---------- RECORDED DATA
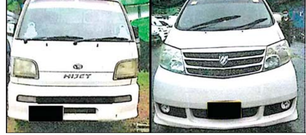
တရားဝင် စာရွက်စာတမ်း အထောက်အထား တင်ပြနိုင်ခြင်းမရှိသည့် လိုင်စင်မဲ့ယာဉ်များ။
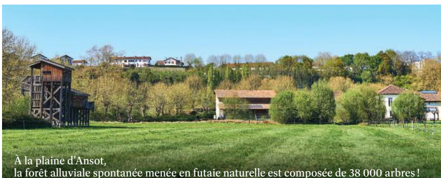
À la plaine d'Ansot, la forêt alluviale spontanée menée en futaie naturelle est composée de 38 000 arbres !

Zone naturelle protégée de 100 hectares, la plaine d'Ansot permet de découvrir la richesse des écosystèmes spécifiques aux zones humides à travers des sentiers pédagogiques à thème. Les différentes formations végétales telles que les prairies humides, les roselières, les herbiers aquatiques des étangs et des cours y sont présents. La strate végétale la plus élevée du site concerne les arbres organisés autour de près de 38 000 sujets et 26 espèces autochtones. Les arbres d'alignement,
--------------------
**WORK INSTRUCTIONS:** Would it be possible to reproduce the material word for word, images omitted?

**SOLUTION BELOW:**
တရားဝင် စာရွက်စာတမ်း အထောက်အထား တင်ပြနိုင်ခြင်းမရှိသည့် လိုင်စင်မဲ့ယာဉ်များ။
À la plaine d'Ansot, la forêt alluviale spontanée menée en futaie naturelle est composée de 38 000 arbres !

Zone naturelle protégée de 100 hectares, la plaine d'Ansot permet de découvrir la richesse des écosystèmes spécifiques aux zones humides à travers des sentiers pédagogiques à thème. Les différentes formations végétales telles que les prairies humides, les roselières, les herbiers aquatiques des étangs et des cours y sont présents. La strate végétale la plus élevée du site concerne les arbres organisés autour de près de 38 000 sujets et 26 espèces autochtones. Les arbres d'alignement,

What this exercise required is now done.